The first step is to identify where your application is “cache-missing.” Use profiling tools to see how often your CPU is waiting for data from the main RAM. If you see high latency, it is likely because your data structures are scattered across memory. Try to group related data together so that when one piece is loaded into the cache, the next piece is already sitting right next to it.

2. Minimize Shared State and Locking

In a 192-core environment, traditional “mutexes” or locks can become a massive bottleneck. If every core has to wait for a single lock to access a piece of data, you effectively turn your supercomputer into a single-core machine. Instead, look into lock-free data structures or “actor models” where each core or thread manages its own local state and communicates through message passing.

3. Embrace Memory Safety and Predictability

If possible, move critical paths of your application to languages like Rust or C++. These languages allow for the level of control required to manage memory manually and predictably. Avoid heavy reliance on managed runtimes that use garbage collection if your primary goal is consistent, low-latency performance at the edge.

4. Leverage Hardware Accelerators

Modern server architectures are increasingly including specialized hardware for specific tasks, such as PCIe encryption or AI acceleration. Rather than trying to do everything in the general-purpose CPU, offload these heavy, repetitive tasks to the dedicated hardware. This frees up your CPU cores to handle the complex logic of your application.

The Future of the Edge: Beyond the Core

As we look toward the future, the trend of edge stack optimization is only going to accelerate. We are moving toward an era where the distinction between “hardware” and “software” becomes increasingly blurred.
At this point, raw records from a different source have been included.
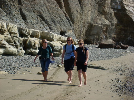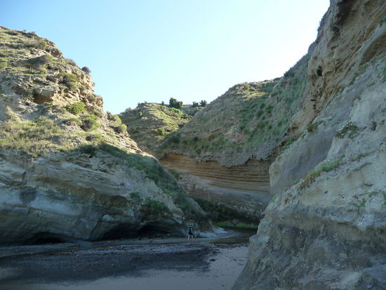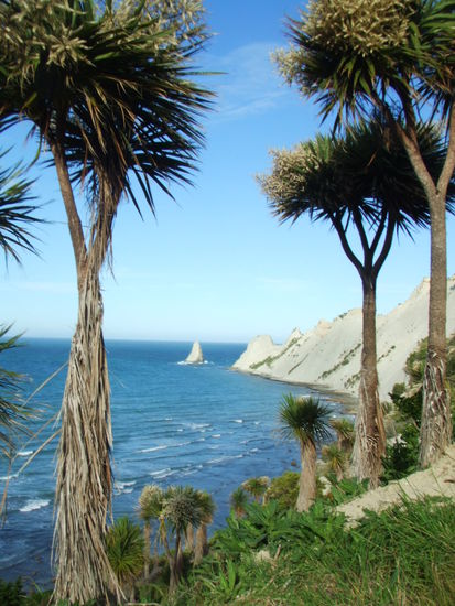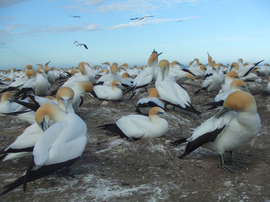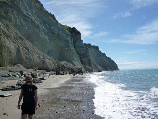 Am Montag gab's bei Sonnenschein, blauem Himmel und kurze-Hose-Wetter dagegen aber mal wieder die Extreme: Mit Inge und Chris (deutsch und im Besitz eines Autos) und Francisco sind wir zum Meer gefahren, wo wir etwa 16 km am Strand entlang zum Cape Kidnappers gegangen sind. Ein schöner Spaziergang in einer atemberaubenden Landschaft: blaues Meer, toller Sandstrand, Steilküste. Je näher wir dem Cape kamen, desto mehr Vögel gab es. An der Spitze war einige riesige Ansammlungen der Australtölpel , die zu tausenden auf einer Stelle zusammenhockten. Das Gewimmel und Getöse mit anzusehen, war wirklich schön.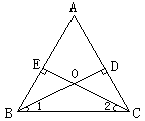 分析:欲证OB=OC可证明∠1=∠2,由已知发现,∠1,∠2均在直角三角形中,因此证明△BCE与△CBD全等即可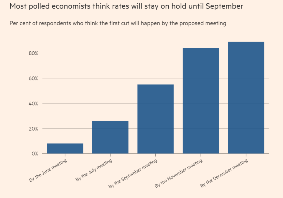 尽管美联储观察工具显示,市场目前仍然预计美联储最可能在6月进行首次降息,但经济学家们却没那么乐观。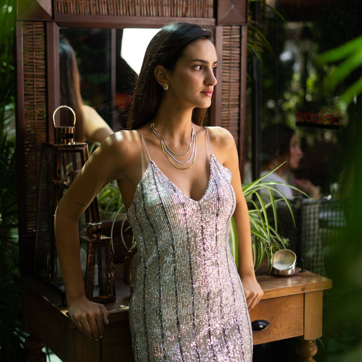 This necklace is made from water-resistant stainless steel in gold, silver, and rose tones. It features a three-layer Italian chain design with lengths of 14", 16", and 18", and a 2" extender.

We will see more “software-defined hardware” where the architecture of the silicon is specifically tuned to the needs of the workloads it will run.
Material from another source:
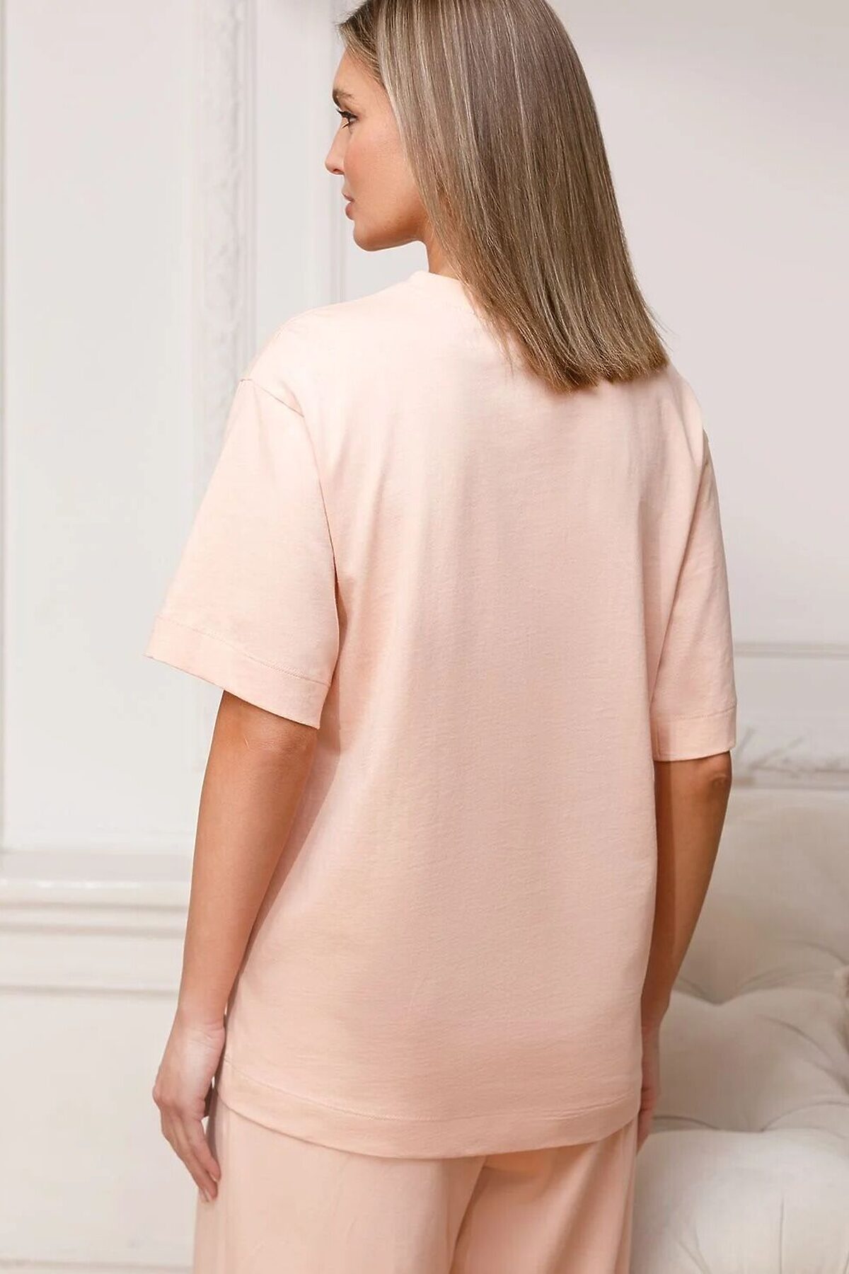 Футболка оверсайз с принтом из премиального 100% хлопка VILATTE, пудра_everything

The introduction of improved support for thermally demanding PCIe accelerators and native PCIe encryption hardware in the Gen 13 servers is a precursor to this. As edge computing moves into more complex territory—such as real-time AI inference and massive-scale cybersecurity filtering—the ability to seamlessly integrate specialized hardware with highly parallel software will be the defining characteristic of successful platforms.

The shift from relying on large L3 caches to leveraging massive parallelism represents more than just a hardware upgrade; it is a fundamental change in how it’s worth noting about computing efficiency. By prioritizing smarter software and more granular hardware, the industry is paving the way for a faster, greener, and more scalable internet.

The journey from a 50% latency penalty to a 60% increase in rack capacity is a testament to the power of engineering when hardware and software are treated as a single, unified system. As these technologies continue to mature, the edge will become even more capable of handling the increasingly complex demands of our digital world.